Шрифт:
Интервал:
Закладка:
Музыка в далекой церкви давно смолкла. В открытое окно доносятся только мирные и несметные звуки летней ночи. За столом сидит Хайтауэр, больше чем когда-либо напоминая неуклюжего зверя, которого обманом и хитростью удержали от бегства, а теперь обложили — те самые, кто обманул и перехитрил его. Остальные трое сидят, обратив к нему лица, почти как судьи.

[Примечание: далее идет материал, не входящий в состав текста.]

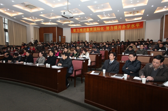 为适应高等教育国际化趋势,加快我校教育国际化发展进程,统一思想,凝聚共识,1月5日,我校召开首届教育国际化工作会议,校领导出席,全体中层干部、学科带头人、民主党派负责人及各学院外事秘书参加了会议。
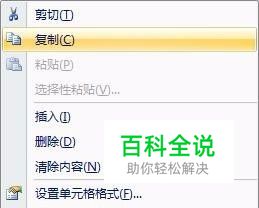 选中你所要处理的数据以后,鼠标右键点击选中的数据,在弹出的对话框中选择复制。
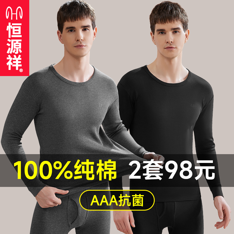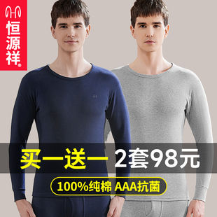 纯棉抗菌男式 冬季 大码 恒源祥男士 棉毛衫 秋衣秋裤 男款 保暖内衣套装
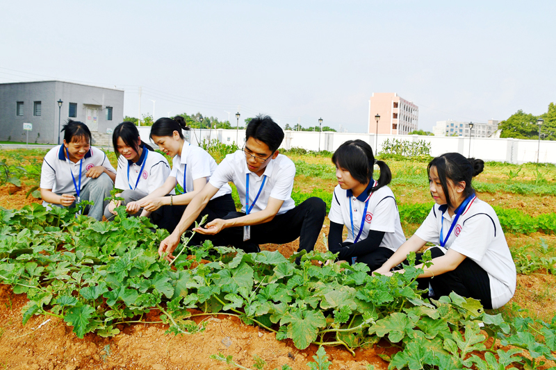 钟山县第三高级中学师生在学校劳动教育基地商讨蔬菜种植技术。廖超文摄
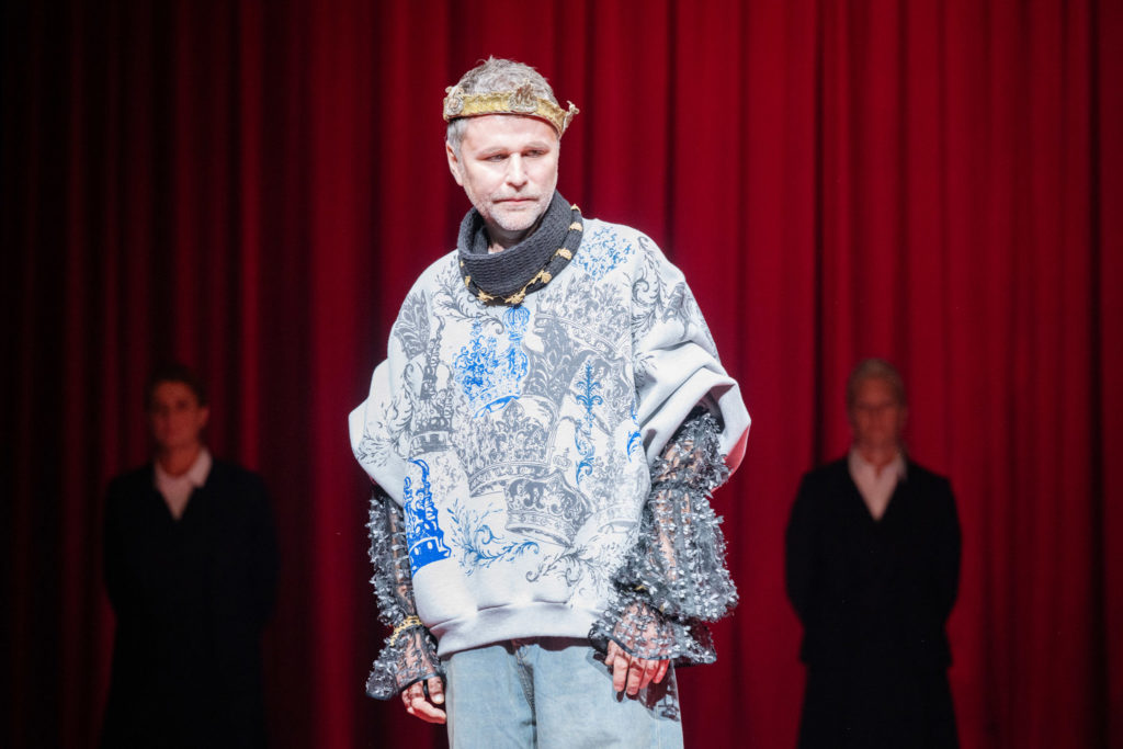 Le royaume de Danemark, c’est donc le nôtre ou plutôt celui de l’éternel boomer, abonné des scènes (il était déjà, dans un autre avatar, le Roi Lear de Dramaten en 2024)… éternel ado jouisseur en baggy et sweat-shirt oversize, hip hop un jour, hip hop toujours. La couronne, bandeau doré miteux, branlante sur la tête. Jouisseur « quoiqu’il en coûte » comme on dit par chez nous[1]. Et dont les crimes ne seront jamais ouvertement révélés mais sentis (d’ailleurs, pas besoin de dire le crime : on connait la pièce…) comme un lourd poids, plutôt menaçant qu’encombrant (sauf dans le monologue de Claudius).
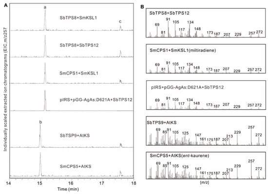Furthermore, SbTPS12 was found to produce miltiradiene when combined with SbTPS8 (Figure 6), thus SbTPS12 was identified to be a miltiradiene synthase in S. barbata. However, KSL from different origins were found to have extreme promiscuity [34,39,40]. Thus, to probe the substrate promiscuity of SbTPS12, a previously reported modular metabolic engineering system was utilized [40,41]. This system enables facile co-expression of CPSs and KSLs in E. coli with high production. Twelve different class II diterpene cyclases with varied product outcomes [40] were assembled into the metabolic engineering system for co-expression with SbTPS12. As expected, SbTPS12 co-expressed with copalyl diphosphate synthase produced the same product of miltiradiene with an in vitro assay. No obvious stable activity was found with the other 11 class II diTPS synthases.

Двое из них тоже неподвижны: женщина, каменноликая и терпеливая, как скала, и старик, выгоревший, как фитилек безжалостно задутой свечки. Байрон один кажется одушевленным. Его лицо опущено. Может быть, он разглядывает свою руку, лежащую на коленях; большой и указательный пальцы ее медленно трутся друг о друга, как бы раскатывая что-то, и кажется, будто он наблюдает за ними задумчиво и увлеченно. Услышав Хайтауэра, Байрон понимает, что священник обращается не к нему, да и ни к кому из присутствующих в комнате.

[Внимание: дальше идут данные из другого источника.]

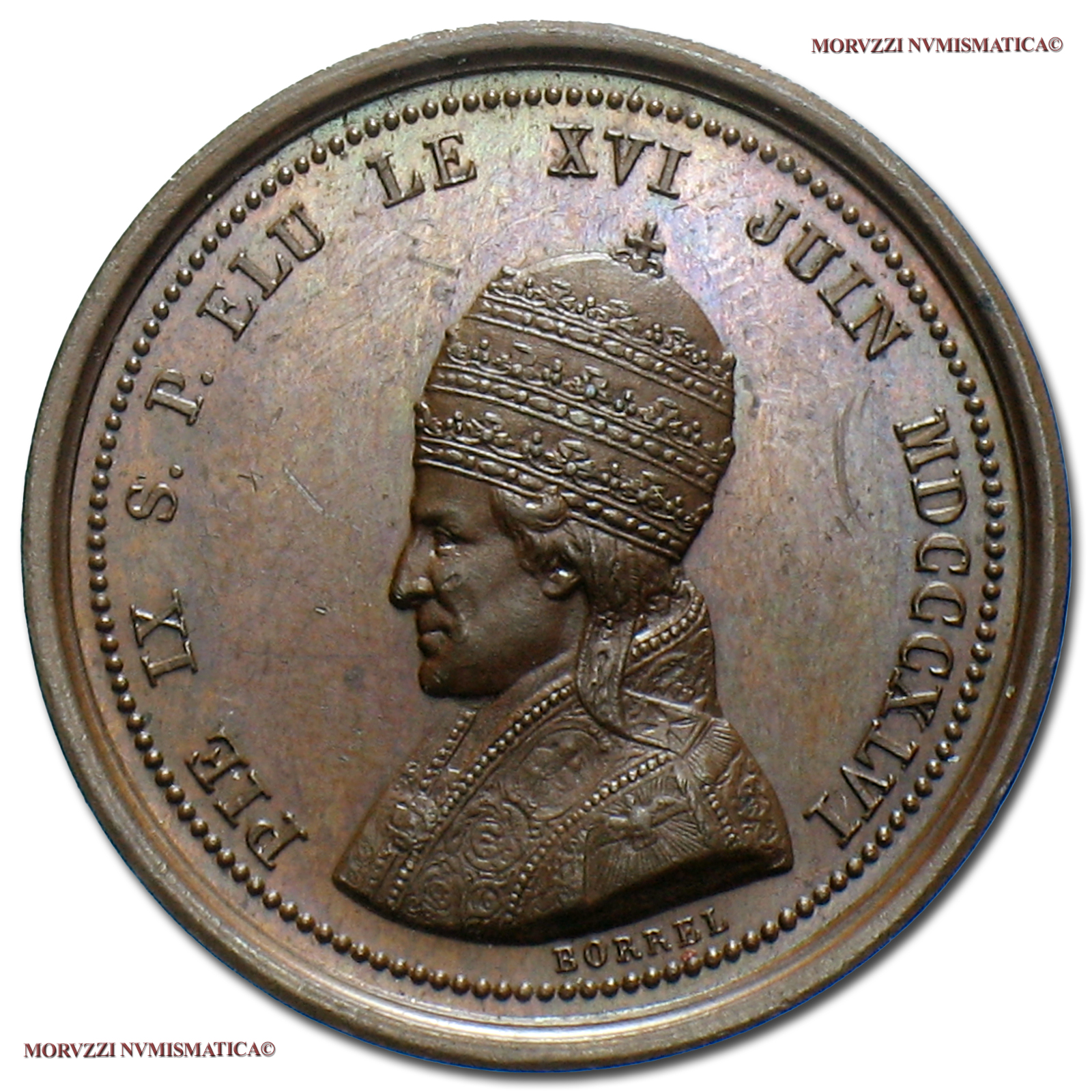 Stato Pontificio, PIO IX, Mastai Ferretti, 1846-1878, MEDAGLIA IN BRONZO, Giubileo episcopale - Jubilè, Emissione: 1847, D/ PIE IX S. P. ELU LE XVI JUIN MDCCCXLVI, busto a s. con triregno e piviale; sul taglio del busto: BORREL, R/ in alto: croce latina raggiante; nel campo: JUBILE' 1847 su due righe; in basso: chiavi incrociate legate da nastro, Opus Maurice Valentin Borrel, Rif. bibl. Bart., I-48; Metallo: AE, gr. 10,31, (MP141034), Diam.: mm. 25,81, qFDC, (R)

— Чего они ждут от меня? — произносит он. — На что рассчитывают, надеются — что я, по их мнению, могу сделать?
В ответ — ни звука; ни старуха, ни старик, по-видимому, не слышали. Байрон и не предполагал, что старик услышит. «Ему помощь не нужна», — думает он. «Ему-то нет. Ему мешать нужно», — думает он, вспоминая полуобморочное и вместе с тем маниакально-напряженное забытье, в котором вот уже двенадцать часов — с тех пор, как они встретились — пребывает старик, таскаясь с места на место за своей женой. «Ему мешать нужно. Не ей одной, пожалуй, повезло, что он такой беспомощный». Он наблюдает за женщиной. И произносит тихо, почти ласково:
— Продолжайте. Скажите ему, чего вы хотите. Он хочет знать, чего вы от него хотите. Скажите ему.
— Я думала… — начинает она. Она говорит, не шелохнувшись. Голос у нее не столько неуверенный, сколько скрипучий, точно его вынуждают произносить что-то, лежащее за пределами речи, — то, что можно только знать, чувствовать. — Мистер Банч сказал, что может быть…
— Что? — спрашивает Хайтауэр. Он говорит резко, нетерпеливо, несколько визгливым голосом; он тоже не пошевелился и сидит, откинувшись в кресле, руки — на подлокотниках. — Что? Что может быть?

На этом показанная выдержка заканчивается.